Bukti nyata karya cipta leluhur yang sungguh mencintai keturunannya tetap lestari hingga kini. Gangsiran Aswotomo adalah wujud nyatanya. Sumuran penampung air dari kanal tertutup untuk kemudian dialirkan ke tempat yang lebih rendah lagi. Konsep membangun kawasan secara holistik ekologis dengan dasar bakti kepada Hyang Widhi, cinta kepada alam dan sesama titah serta tanggung jawab kepada generasi penerus telah dicanangkan. Konon saluran pembuangan dari gangsiran Aswotomo ini terentang jauh hingga ke luar kawasan dataran tinggi Dieng bahkan hingga ke Pekalongan. Gangsiran Aswotomo menjadi monumen keteladanan sanitasi dan drainase bangunan out door melengkapi indoor yang saya posting di gorong-gorong Lawang Sewu.

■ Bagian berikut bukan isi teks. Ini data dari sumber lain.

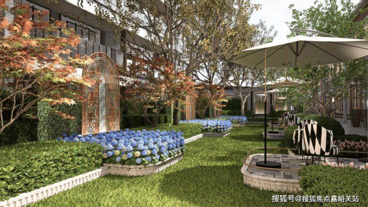 另外,下沉庭院东侧是织梦奇园,兼具趣味感和互动感的儿童乐园。 海派生活轴的端点是邻里交互的 艺术花园 ,是业主茶余饭后散步的好去处。
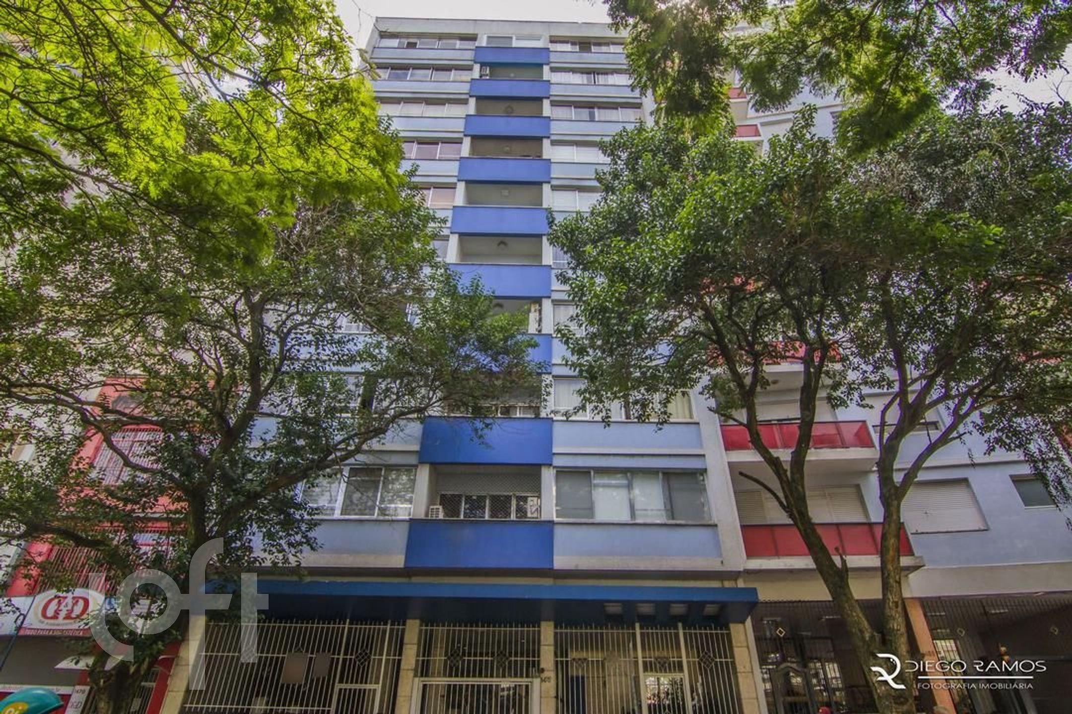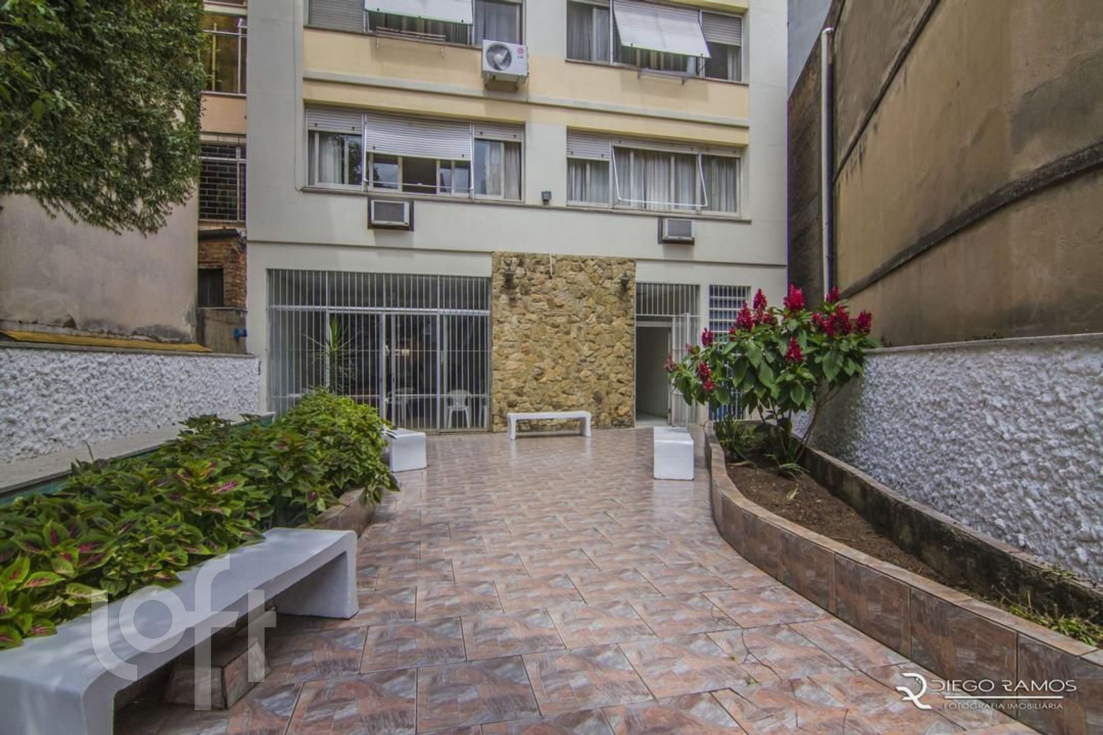 Prédio com elevador, salão de festas e portaria.

Apakah gangsiran ini kini masih berfungsi? Bila Tembang Sang Dewi mengabarkan volume telaga kian menyusut, perlukah gangsiran Aswatama bekerja? Saat menikmati gangsiran Aswotomo ini, mari memberi kesempatan hati sejenak menengok ke masa silam, menghayati keluhuran budi para pemikir pembangunan Candi, merasakan kerja keras dan kerja sama pelaku pekerja gangsiran dengan teknologi yang ada pada zamannya. [Pastinya akan menunda niat jahil kurang terpuji seperti membuang sampah yang kini memenuhi dasar sumuran gangsiran] Mari…mari…plesiran di gangsiran Aswotomo
Catatan:
Gangsir: mengingatkan masa kecil saya saat bapak libur dari ngasta/bekerja kami anak2 diajak bapak ke kebun seraya ndangir pokok singkong, kami diajari ndhudhuk gangsir yang berbadan gemuk dan gurih saat dibakar, hm pemenuhan protein hewani ala kebun.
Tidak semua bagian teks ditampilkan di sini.